Required work:
All lines from the one containing "夏季・明線反領太空棉收腰連身裙 2色入 1S60422" through the final line of the listing below, and no others, must be returned exactly; no pictures belong in the copy.
BEGIN Available records
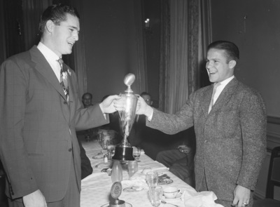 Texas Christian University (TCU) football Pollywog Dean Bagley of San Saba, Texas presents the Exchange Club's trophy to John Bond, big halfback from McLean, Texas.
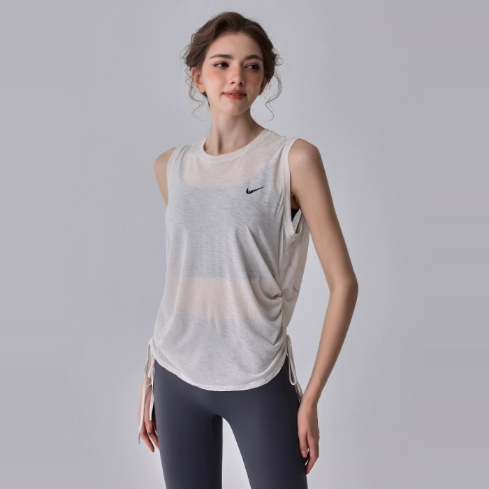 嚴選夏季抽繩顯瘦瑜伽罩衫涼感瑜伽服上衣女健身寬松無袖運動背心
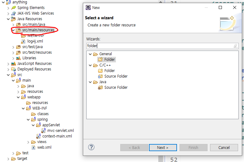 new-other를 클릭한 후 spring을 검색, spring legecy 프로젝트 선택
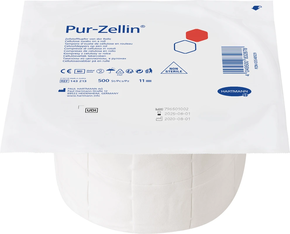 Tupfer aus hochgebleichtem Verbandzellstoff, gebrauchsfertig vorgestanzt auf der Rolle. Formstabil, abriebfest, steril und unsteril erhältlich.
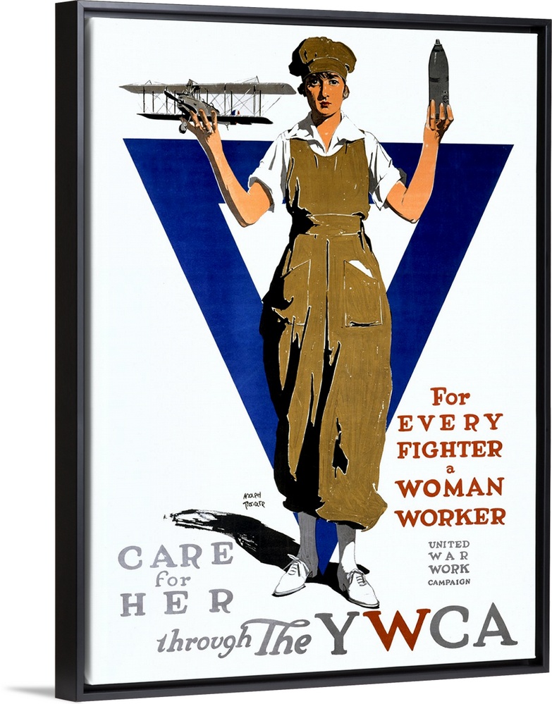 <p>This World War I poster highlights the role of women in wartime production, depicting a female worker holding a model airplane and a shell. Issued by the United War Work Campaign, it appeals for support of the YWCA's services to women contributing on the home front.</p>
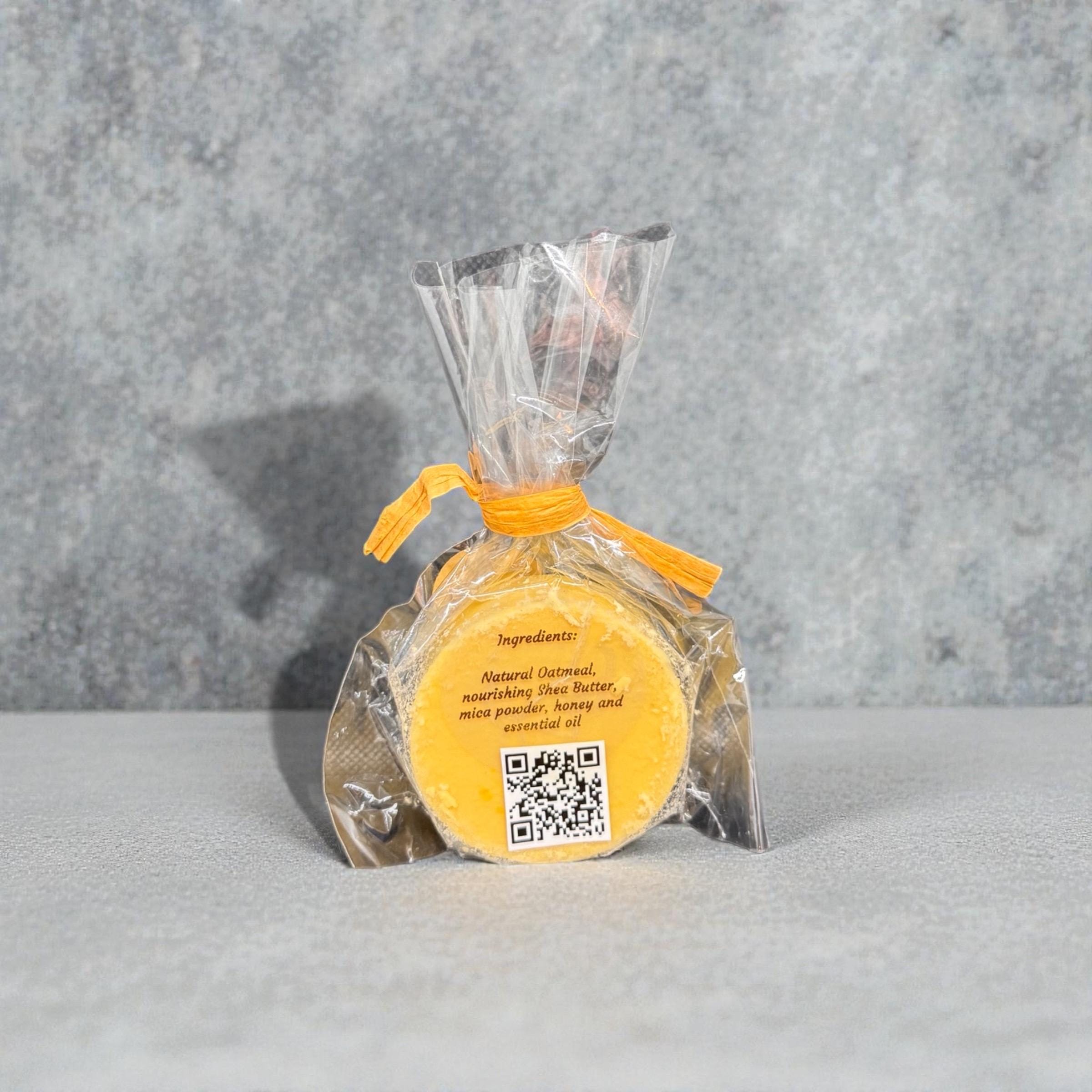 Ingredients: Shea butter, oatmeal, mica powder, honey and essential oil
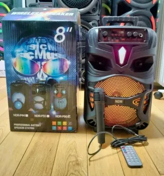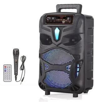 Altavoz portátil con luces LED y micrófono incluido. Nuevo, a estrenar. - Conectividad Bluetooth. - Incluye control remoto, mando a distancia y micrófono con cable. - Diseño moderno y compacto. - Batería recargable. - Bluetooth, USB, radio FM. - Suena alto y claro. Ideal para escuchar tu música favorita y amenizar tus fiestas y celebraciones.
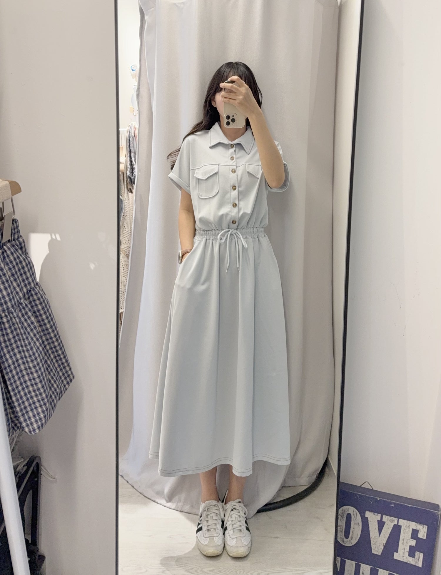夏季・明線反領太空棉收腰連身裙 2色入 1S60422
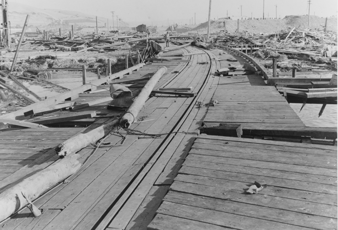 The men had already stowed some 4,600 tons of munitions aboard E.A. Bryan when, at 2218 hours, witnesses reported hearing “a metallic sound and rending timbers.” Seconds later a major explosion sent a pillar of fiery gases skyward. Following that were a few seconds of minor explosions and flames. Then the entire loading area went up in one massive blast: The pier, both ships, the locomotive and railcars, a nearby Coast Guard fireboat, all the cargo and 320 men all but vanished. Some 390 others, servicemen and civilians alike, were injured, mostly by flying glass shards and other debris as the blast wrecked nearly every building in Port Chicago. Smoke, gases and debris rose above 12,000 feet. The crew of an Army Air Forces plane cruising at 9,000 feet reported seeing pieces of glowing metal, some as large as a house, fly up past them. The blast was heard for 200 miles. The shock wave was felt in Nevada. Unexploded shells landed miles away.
END Available records
Response area:
夏季・明線反領太空棉收腰連身裙 2色入 1S60422
 The men had already stowed some 4,600 tons of munitions aboard E.A. Bryan when, at 2218 hours, witnesses reported hearing “a metallic sound and rending timbers.” Seconds later a major explosion sent a pillar of fiery gases skyward. Following that were a few seconds of minor explosions and flames. Then the entire loading area went up in one massive blast: The pier, both ships, the locomotive and railcars, a nearby Coast Guard fireboat, all the cargo and 320 men all but vanished. Some 390 others, servicemen and civilians alike, were injured, mostly by flying glass shards and other debris as the blast wrecked nearly every building in Port Chicago. Smoke, gases and debris rose above 12,000 feet. The crew of an Army Air Forces plane cruising at 9,000 feet reported seeing pieces of glowing metal, some as large as a house, fly up past them. The blast was heard for 200 miles. The shock wave was felt in Nevada. Unexploded shells landed miles away.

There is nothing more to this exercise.